Lecture Notes: Preparation of Triphenylmethanol via Grignard Reaction

Introduction

• Experiment: Preparing triphenylmethanol using the Grignard reaction.
• Significance: Common experiment in undergraduate organic chemistry, noted for sensitivity to moisture.
• Reactants:
  • Bromobenzene
  • Magnesium
  • Ethyl benzoate
• Solvent: Very dry diethyl ether or tetrahydrofuran.

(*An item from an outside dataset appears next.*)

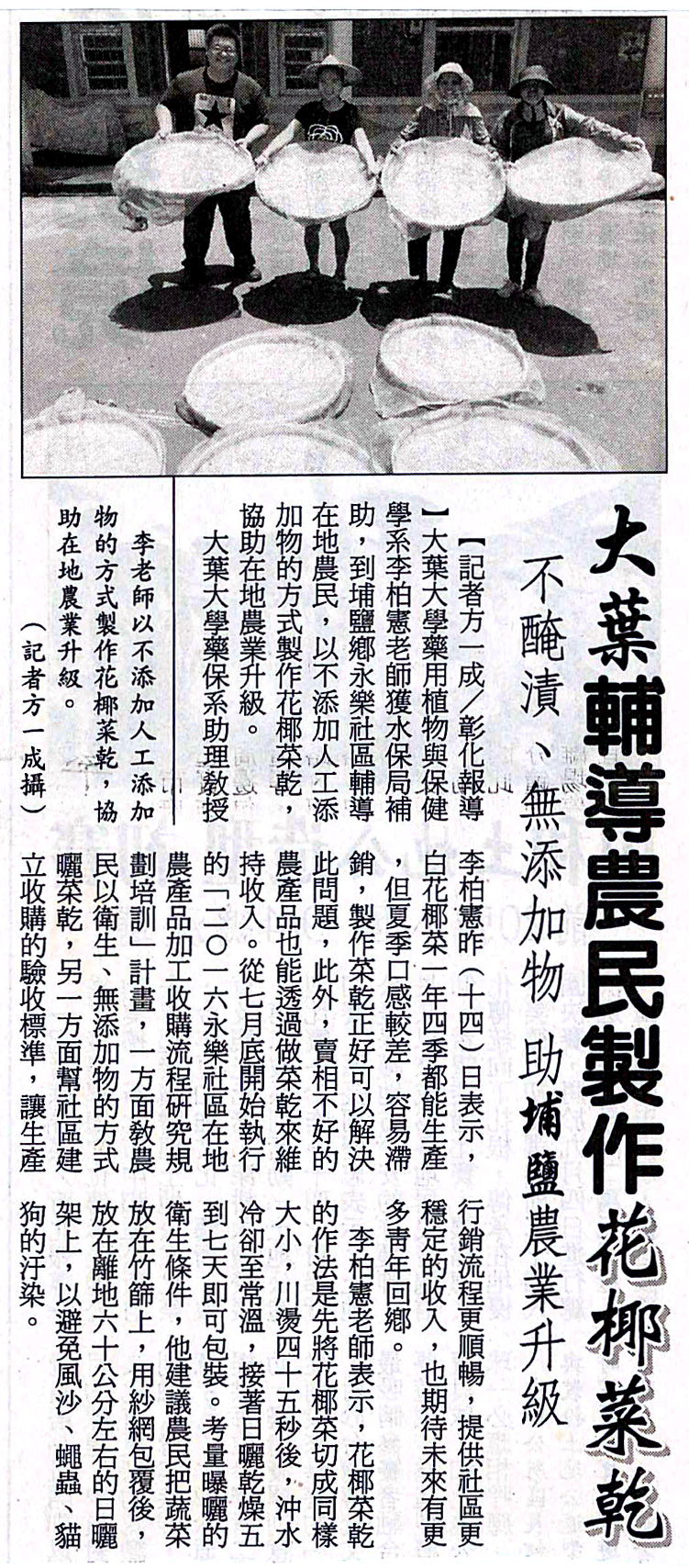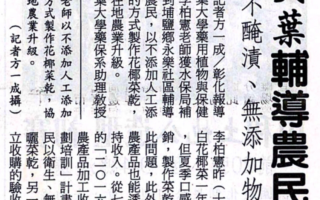 下一則:製花椰菜乾 大葉輔導農民

Grignard Reaction Overview

• Organometallic Reagent: Phenylmagnesium bromide.
  • Acts as a carbanion equivalent and strong nucleophile.
• Reaction Process:
  • Step 1: Bromobenzene reacts with magnesium to form phenylmagnesium bromide.
  • Step 2: Phenylmagnesium bromide reacts with ethyl benzoate to form benzophenone.
  • Step 3: Second equivalent of phenylmagnesium bromide reacts to form the alkoxide of triphenylmethanol.
  • Step 4: Acidic workup converts the alkoxide to triphenylmethanol.

Procedure

• Preparation:

  • All reagents must be distilled and dried.
  • Bromobenzene dried over calcium chloride and distilled.
  • Ether fractionated from starting fluid, dried over sodium, and distilled.

• Glassware Preparation:

  • Flame dry the apparatus using a propane torch to remove moisture.
  • Use a vacuum pump and calcium chloride drying tube to remove moist air.

• Magnesium Preparation:

  • Magnesium turnings (2.43g, 100mmol).
  • Surface oxide layer removed by crushing.
  • Iodine added to promote reaction start.

• Reaction Setup:

  • Mix magnesium with iodine in a flask.
  • Sublime iodine onto magnesium to increase reactivity.
  • Use ether without ignition sources due to explosion risk.
  • Gradual addition of bromobenzene in ether to magnesium.

• Reflux Conditions:

  • Maintain reaction and apply warm water bath after boiling stops to ensure Grignard formation.

Reaction Workup

• Addition of Electrophile:

  • Slowly add ethyl benzoate dissolved in ether to Grignard reagent.

• Ending Reaction:

  • Reaction mixture becomes biphasic.
  • Add to sulfuric acid solution to neutralize and separate layers.

• Purification:

  • Use separatory funnel to remove aqueous layer containing inorganic salts.
  • Wash organic layer with sulfuric acid and brine to remove impurities.
  • Dry with magnesium sulfate and filter.
  • Recrystallization using hexanes to purify product.

Results

• Final Product: 5.84 grams of triphenylmethanol.
• Yield: 45%, noted as low, potential improvements identified.
• Purity: Initial melting point tests indicate high purity in first crop of crystals.

Reaction Mechanism

• Formation of Grignard Reagent:

  • Single electron transfer (SET) mechanism involving bromobenzene and magnesium.
  • Possibility of biphenyl impurity through dimerization.

• Reaction with Carbonyl:

  • Attack of phenylmagnesium bromide on carbonyl carbon of ethyl benzoate.
  • Formation of benzophenone and subsequent reaction to form triphenylmethanol.

Side Reactions and Impurities

• Biphenyl Formation: Not primarily through direct reaction with bromobenzene.
• Transition Metal Contaminants: May catalyze coupling reactions leading to biphenyl impurities.

Conclusion

• Challenges: Managing moisture and purity of reactants, achieving high yield.
• Achievements: Successful execution of Grignard reaction in non-lab environment.

References

• Referenced paper: "An Improved Preparation of a Grignard Reagent" from JChemEd, Volume 64, page 179.
• Mention of OrgSyn preparation of triphenylmethanol ("triphenylcarbinol").

The lecture provided in-depth insights into the Grignard reaction's complexities and practical challenges faced during experimental procedures.